Regression alerts not firing

  • Ensure you have at least 50 scored requests in the last hour AND in the 7-day baseline.
  • Low-traffic organizations may not reach the sample size threshold.
  • Duplicate alerts are suppressed for 4 hours — check if a recent alert already exists.

Custom dimensions not scoring

  • Confirm your custom dimensions are marked as Active in organization settings.
  • Custom dimension evaluation uses an external LLM. If the LLM is rate-limited or unavailable, custom scores are skipped and the composite score is computed without them.
  • Changes to custom dimensions are cached for 5 minutes.

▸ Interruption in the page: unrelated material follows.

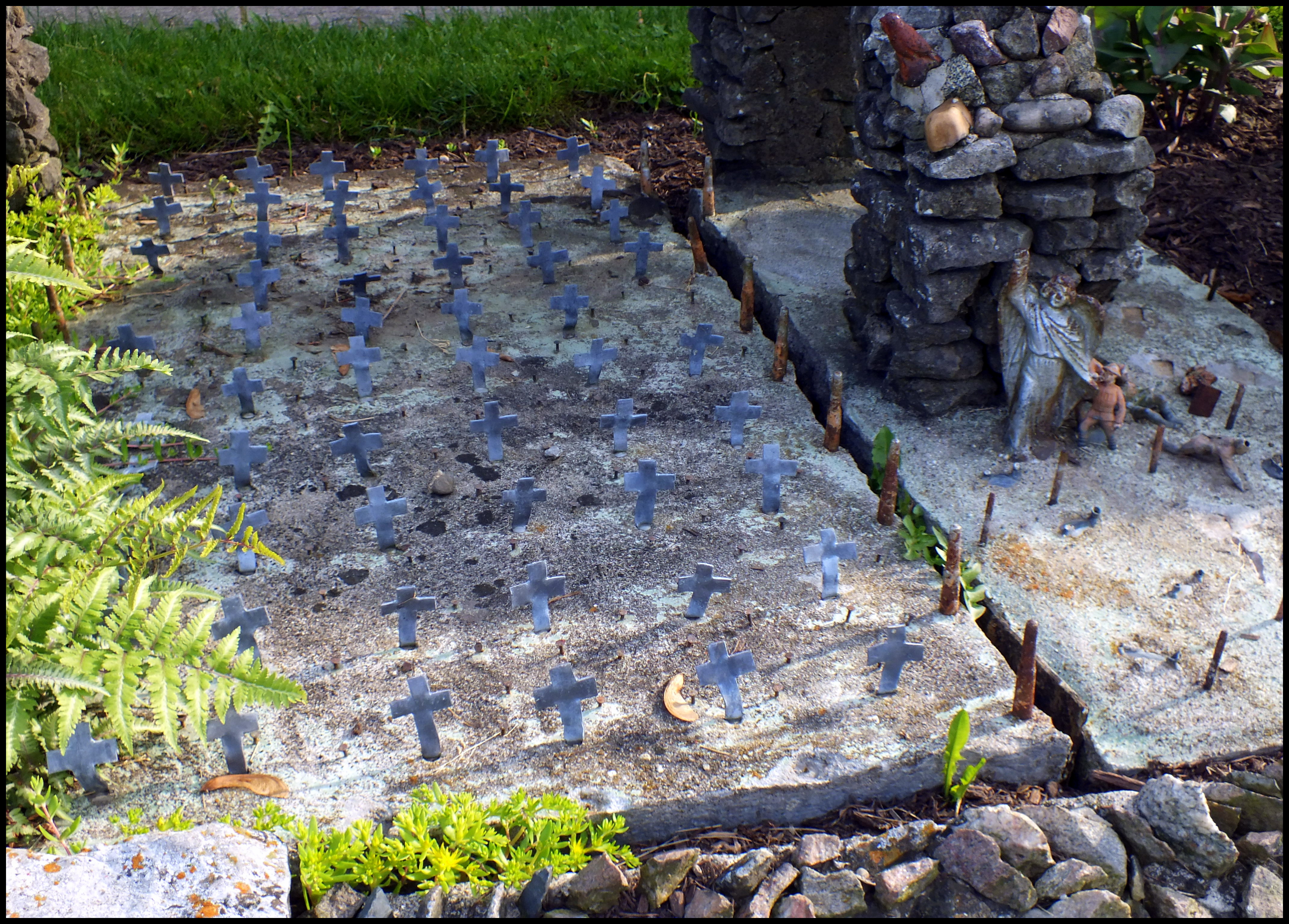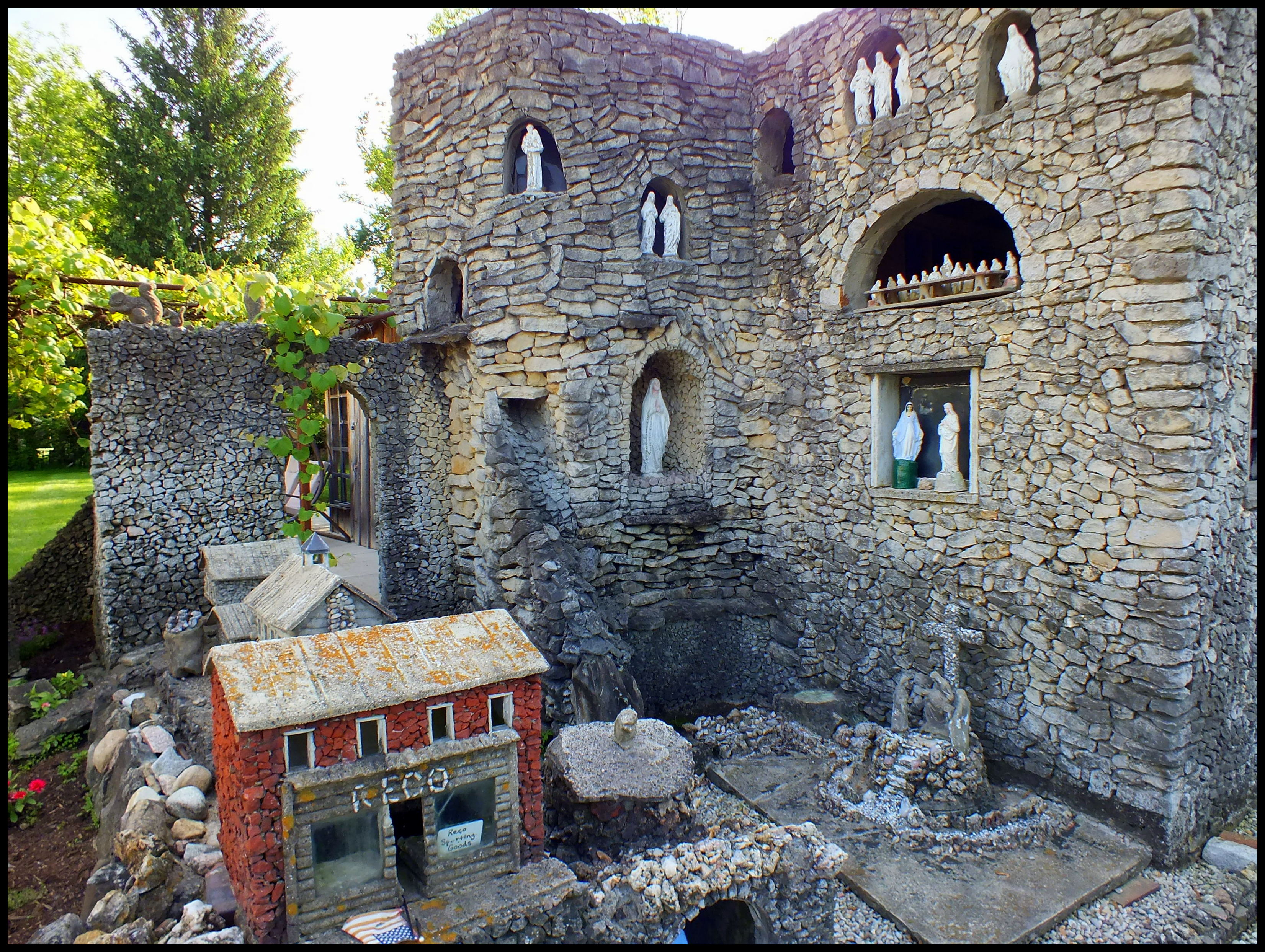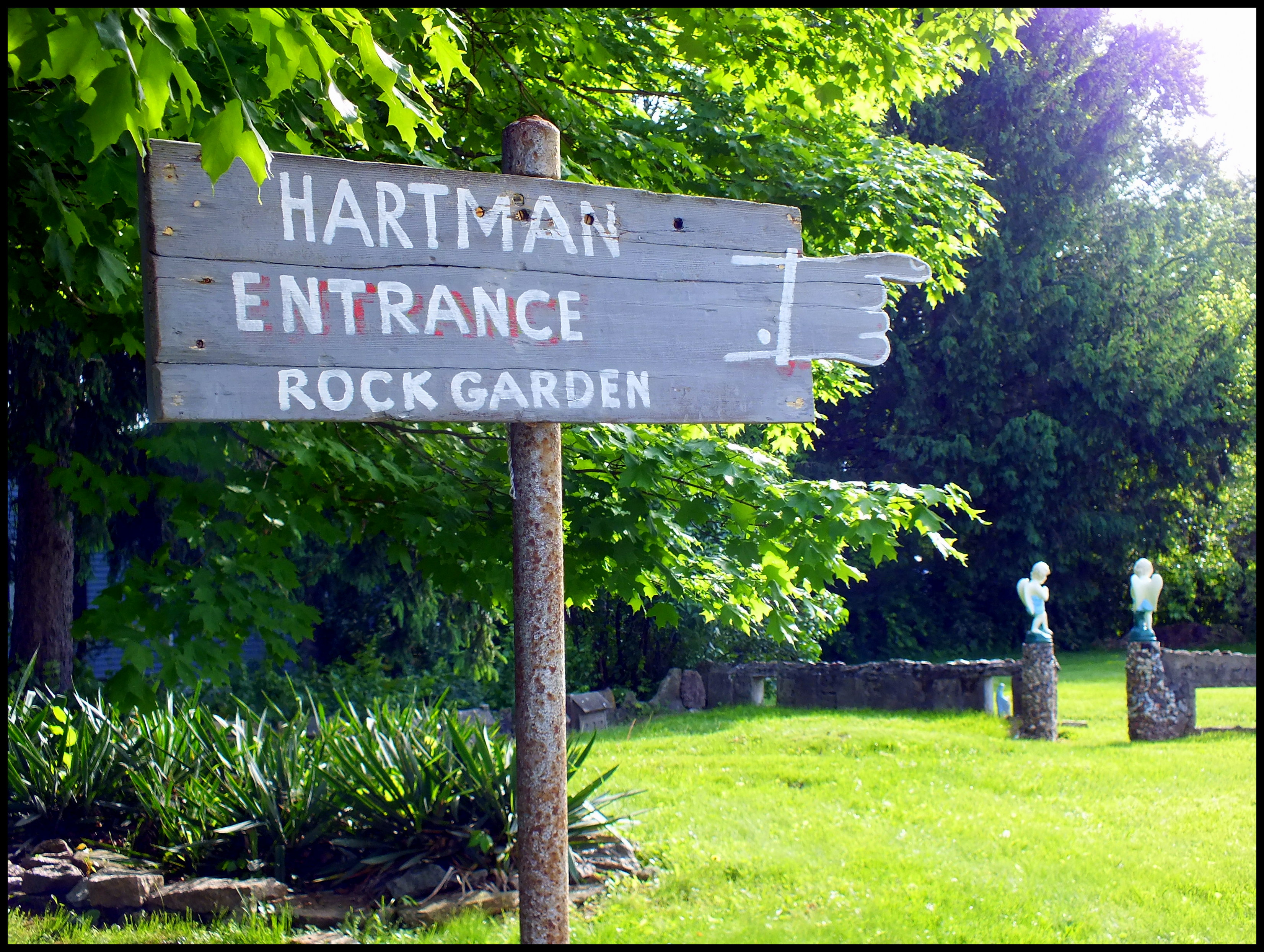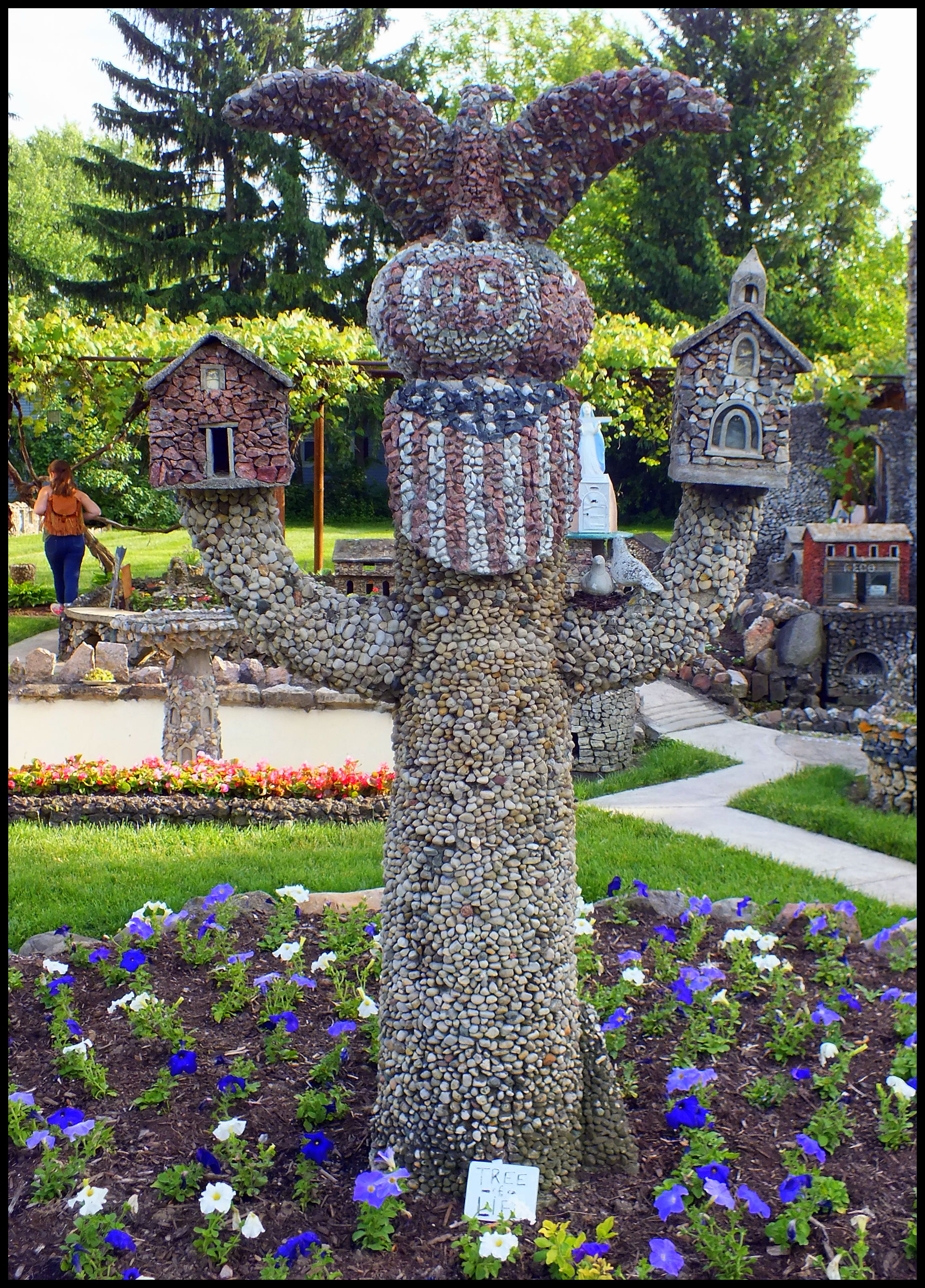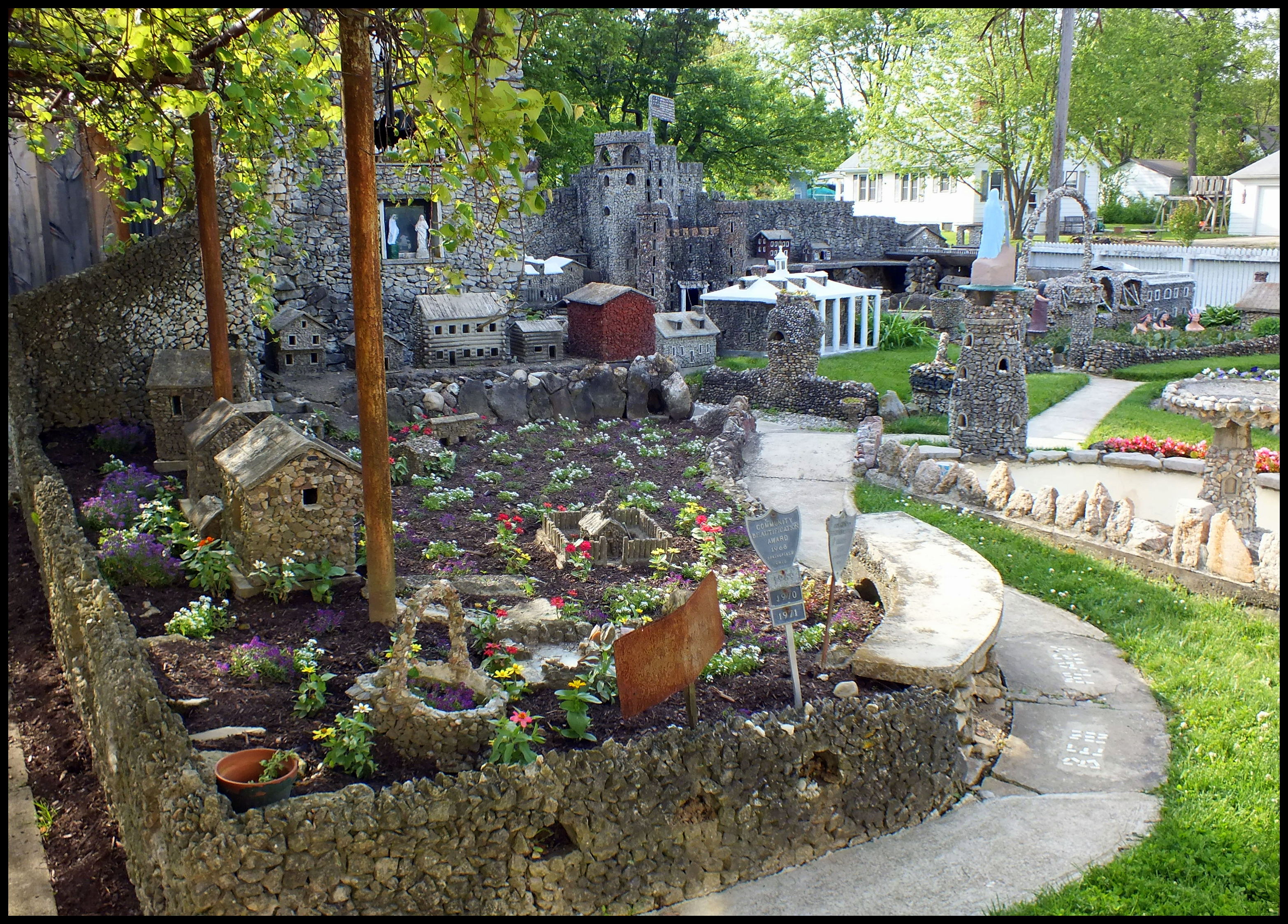 Harry “Ben” Hartman was a mold-maker who lived in a rural area outside Springfield, Ohio. He lost his job during the Great Depression and decided to spend his free time working in his yard. For the next 12 years, until he died at the age of 60 in 1944, he created a rock garden filled with religious and patriotic sculptures.
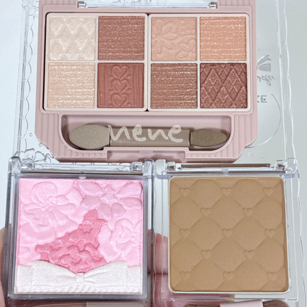 ハート×キルティングは、ほかのシェーディングパウダーでは見られないし、パレットのアイシャドウは一つひとつ絵柄が細かく設定されていたり。チークだってこれ、花束のように豪華じゃないですか……。

Evaluation run stuck in “running”

  • Check if the gateway is healthy and processing requests.
  • Large datasets may take time — monitor the progress bar (completed rows / total rows).
  • If the run appears stuck, cancel it and create a new one.

Evaluation run failed with budget error

  • The run exceeded the configured budget limit before completing all rows.
  • Increase the budget limit or reduce the dataset size.
  • Check the results summary for partial results from rows that completed before the budget was exceeded.

Comparison shows statistical significance warning

  • Results are based on fewer than 30 samples.
  • Run a larger dataset or wait for more production traffic before drawing conclusions.